Management's Discussion and Analysis of
Financial Condition and Results of Operations (continued)
===============================================================================
Humana Inc.


The Commercial segment medical expense ratio improved 100 basis points to 82.3
percent in 1998, due to increased premium yields and risk-sharing initiatives
previously mentioned.  During 1999, the Company believes its Commercial segment
medical expense ratio will be benefitted by its continued focus on pricing its
Commercial products at rates commensurate with the risk assumed and its control
of claims cost trends, including its contractual relationships with providers.
The Company believes that the industry's 1999 Commercial premium pricing
environment will facilitate its Commercial premium rate increases.  The Public
Sector medical expense ratio increased to 84.8 percent in 1998 from 82.3 percent
in 1997, primarily from lower  Medicare HMO reimbursement rates, the 1997 growth
of Medicare HMO membership in new, more costly markets outside the Company's
base markets and increasing Medicaid costs in Puerto Rico.  Although the
expiration of the Puerto Rico Medicaid contract will improve the Public Sector
medical expense ratio, for the Public Sector medical expense ratio to remain
stable, the Company must continue to control its Medicare HMO medical costs
during 1999 in line with the anticipated 2 percent premium yield increases.
TRICARE's medical expense ratio improved 110 basis points in 1998  to 80.1
percent, the result of continuing utilization management, improved networks and
contract price modifications.  As previously described, this medical expense
ratio discussion excludes the impact of premium deficiencies ($46 million) and
the write-down of physician practice management receivables ($27 million).  The
inclusion of these two items increases the 1998 Commercial and Public Sector
medical expense ratios to 82.9 percent and 86.0 percent, respectively.

Years Ended December 31, 1997 and 1996

Income before income taxes totaled $270 million for the year ended December 31,
1997, compared to $234 million for the year ended December 31, 1996.  Net income
was $173 million or $1.05 per diluted share in 1997, compared to $152 million or
$.92 per diluted share in 1996.  The earnings increase was primarily a result of
increasing Commercial premium yields, improved hospital utilization and
providing a full year of health care services under the TRICARE contract, which
commenced during the third quarter of 1996.  These favorable items were
partially offset by higher than anticipated medical costs in the Company's new
Medicare HMO markets and increased pharmacy costs system-wide.  The acquisitions
of PCA and ChoiceCare did not significantly impact 1997 earnings.
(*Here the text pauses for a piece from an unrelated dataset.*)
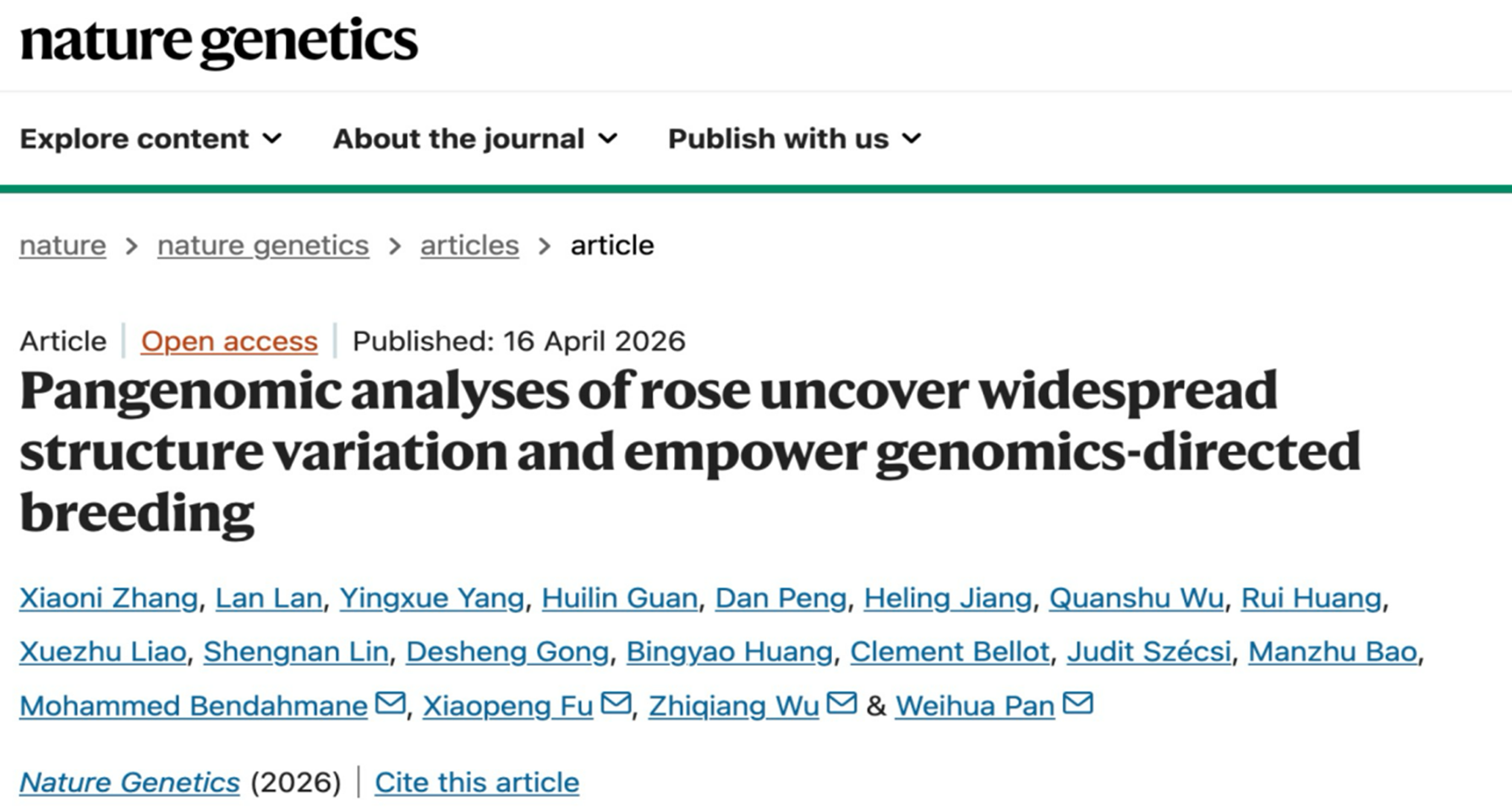 2026年4月16日,WilliamHILL中国青年教师张晓妮以第一作者身份在国际顶尖期刊《Nature Genetics》上在线发表了题为“Pangenomic analyses of rose uncover widespread structure variation and empower genomics-directed breeding”的研究论文。该研究成功构建了全球首个单倍型解析的月季泛基因组图谱,系统解析了蔷薇亚属的遗传多样性。这一成果有望推动月季育种从传统经验模式向精准设计跨越,助力开启月季“第二次育种革命”。

The Company's premium revenues increased 18 percent to $7.9 billion for the year
ended December 31, 1997, from $6.7 billion for the year ended December 31, 1996.
The premium revenue increase was primarily attributable to the full year impact
of the TRICARE contract, the acquisitions of PCA and ChoiceCare and increased
premium yields.  TRICARE premium revenues increased $413 million in 1997 and the
PCA and ChoiceCare acquisitions contributed  premium revenues of approximately
$512 million since their dates of acquisition.  Premium rate changes contributed
the remaining increase, as same-plan Commercial and Medicare HMO premium yields
increased 4.2 percent and 4.3 percent, respectively.
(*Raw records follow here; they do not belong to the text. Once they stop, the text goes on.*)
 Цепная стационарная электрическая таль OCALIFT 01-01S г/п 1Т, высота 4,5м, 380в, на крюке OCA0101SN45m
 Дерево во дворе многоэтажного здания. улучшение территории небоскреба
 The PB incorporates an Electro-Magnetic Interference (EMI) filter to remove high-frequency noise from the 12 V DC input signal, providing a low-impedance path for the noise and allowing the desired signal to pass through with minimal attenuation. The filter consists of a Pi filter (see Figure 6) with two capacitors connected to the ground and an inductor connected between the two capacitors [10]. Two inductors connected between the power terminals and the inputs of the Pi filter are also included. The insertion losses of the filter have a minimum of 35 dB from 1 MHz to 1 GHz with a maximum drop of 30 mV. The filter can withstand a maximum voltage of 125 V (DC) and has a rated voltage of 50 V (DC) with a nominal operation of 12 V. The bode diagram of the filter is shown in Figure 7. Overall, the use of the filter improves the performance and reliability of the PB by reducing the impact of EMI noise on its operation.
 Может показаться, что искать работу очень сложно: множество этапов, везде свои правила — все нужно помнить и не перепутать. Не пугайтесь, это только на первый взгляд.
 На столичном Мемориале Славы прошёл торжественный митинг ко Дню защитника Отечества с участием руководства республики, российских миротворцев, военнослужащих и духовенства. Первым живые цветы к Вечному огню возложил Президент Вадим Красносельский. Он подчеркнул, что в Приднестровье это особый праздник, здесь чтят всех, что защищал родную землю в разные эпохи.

During 1997, the Company's medical expense ratio increased to 82.8 percent from
82.7 percent for the year ended December 31, 1996 as a result of the PCA and
ChoiceCare acquisitions.  Excluding the effect of these acquisitions, the
Company's medical expense ratio improved to 82.4 percent, reflecting the
aforementioned premium yield increases, favorable physician cost trends
(compared to premium yield increases) in the Company's Commercial products and
an overall improvement in hospital utilization.  These medical cost improvements
were partially offset by higher than anticipated medical costs in the Company's
new Medicare HMO markets (where a larger portion of  membership growth was
taking place) and increased pharmacy costs system-wide.  As more fully described
previously, the medical expense ratio discussion excludes the impact of the
premium deficiencies recorded in 1996 of $105 million.  The inclusion of these
premium deficiencies increases the 1996 medical expense ratio from 82.7 percent
to 84.2 percent.

The Company's administrative cost ratio was 15.5 percent and 15.3 percent for
the years ended December 31, 1997 and 1996, respectively.  Although investment
spending in such areas as customer service, information systems and Medicare HMO
product growth initiatives resulted in this year-over-year increase, efforts to
rationalize the Company's staffing levels and streamline the organizational
structure resulted in sequential quarterly improvements in the administrative
cost ratio throughout 1997.  The administrative expense ratio discussion
excludes the impact of provisions in 1996 for litigation and certain other costs
($14 million) described previously.  The inclusion of these costs increases the
1996 administrative expense ratio from 15.3 percent to 15.6 percent.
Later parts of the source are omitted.